In the bedroom—the room where my world had ended—Ivana dropped to her knees. She scrambled toward the side of the bed, her manicured nails clawing at the wood until she found the loose plank. With a grunt of effort, she hauled it back, revealing a small, steel lockbox.
"The code," she whispered, her fingers hovering over the keypad. "He said it was a date. I tried our anniversary, I tried my birthday... nothing worked."
I felt a pang of something sharp and ugly in my chest. I knelt beside her, my breath coming in short, jagged gasps. "Try the date he saved me," I said quietly. "The day of the marriage verdict."
Ivana looked at me, a flash of hurt crossing her face, but she punched in the numbers.
Click.
The lid popped open. Inside wasn't a manifesto or a map of the Alpha’s defenses. There were two fake passports, a thick stack of international currency, and a single, embossed envelope from a high-end real estate firm in the South.
I grabbed the envelope, my hands shaking so violently the paper rattled. It was a contract. A deed of sale for a property in the Neutral Zones, signed by Adrian and a man named Marcus Thorne—a known 'Architect' of discreet relocations. The date of the final meeting matched the exact window Xavier claimed Adrian was meeting with the rebels.

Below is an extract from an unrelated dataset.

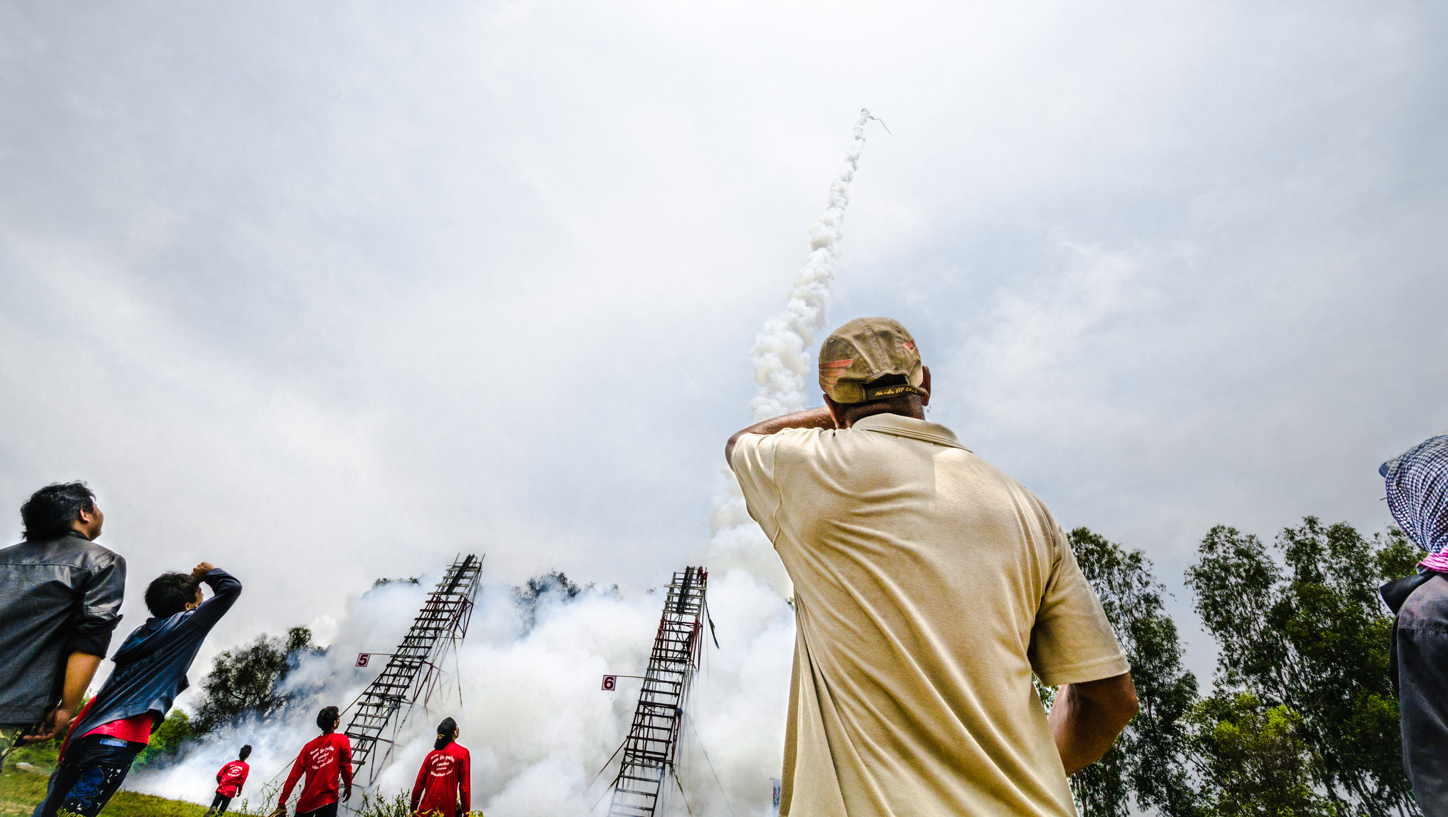 The rockets were launched on Sunday, 12 May, 2013; the third, and final day of the festival.

"This is it," I breathed, a sob of relief catching in my throat. "This is the proof. He wasn't starting a war; he was plotting a surprise"
Ivana slumped against the bed, the adrenaline leaving her in a rush. She looked small, her silk robe disheveled, her eyes red-rimmed. "You're going to take that to the Alpha? He’ll still punish him for desertion, Avrielle. Desertion is a crime too."
"A crime that leads to exile, not the executioner’s block," I countered, standing up and tucking the envelope firmly against my chest. "I can work with exile. I can't work with a corpse."
I started for the door, but paused, looking back at the woman who had been my tormentor. She looked utterly lost, sitting on the floor of a house that no longer felt like a prize.
"Come with me," I said.
Ivana blinked, stunned. "What?"
"Xavier needs to hear it from both of us," I said, the cold logic of the situation settling in. "He won't trust just the paper. He needs to see the woman Adrian was willing to throw away his life for. He needs to see that this wasn't a political conspiracy—it was a pathetic, human mistake. If you want him to live, you have to stand beside me."
Ivana stood up, wiping her face with the back of her hand. She looked at the room, then at me, and finally, she nodded. The malice was gone, replaced by a grim, shared purpose.
We walked out of the house together, the Alpha’s driver watching us with an unreadable expression as we approached the car. He opened the door, and as we slid into the back seat—the wife and the mistress, joined by a thread of desperation—I felt the first spark of hope I’d had in days.
"Drive," I told the driver. "Take us back to the Devil."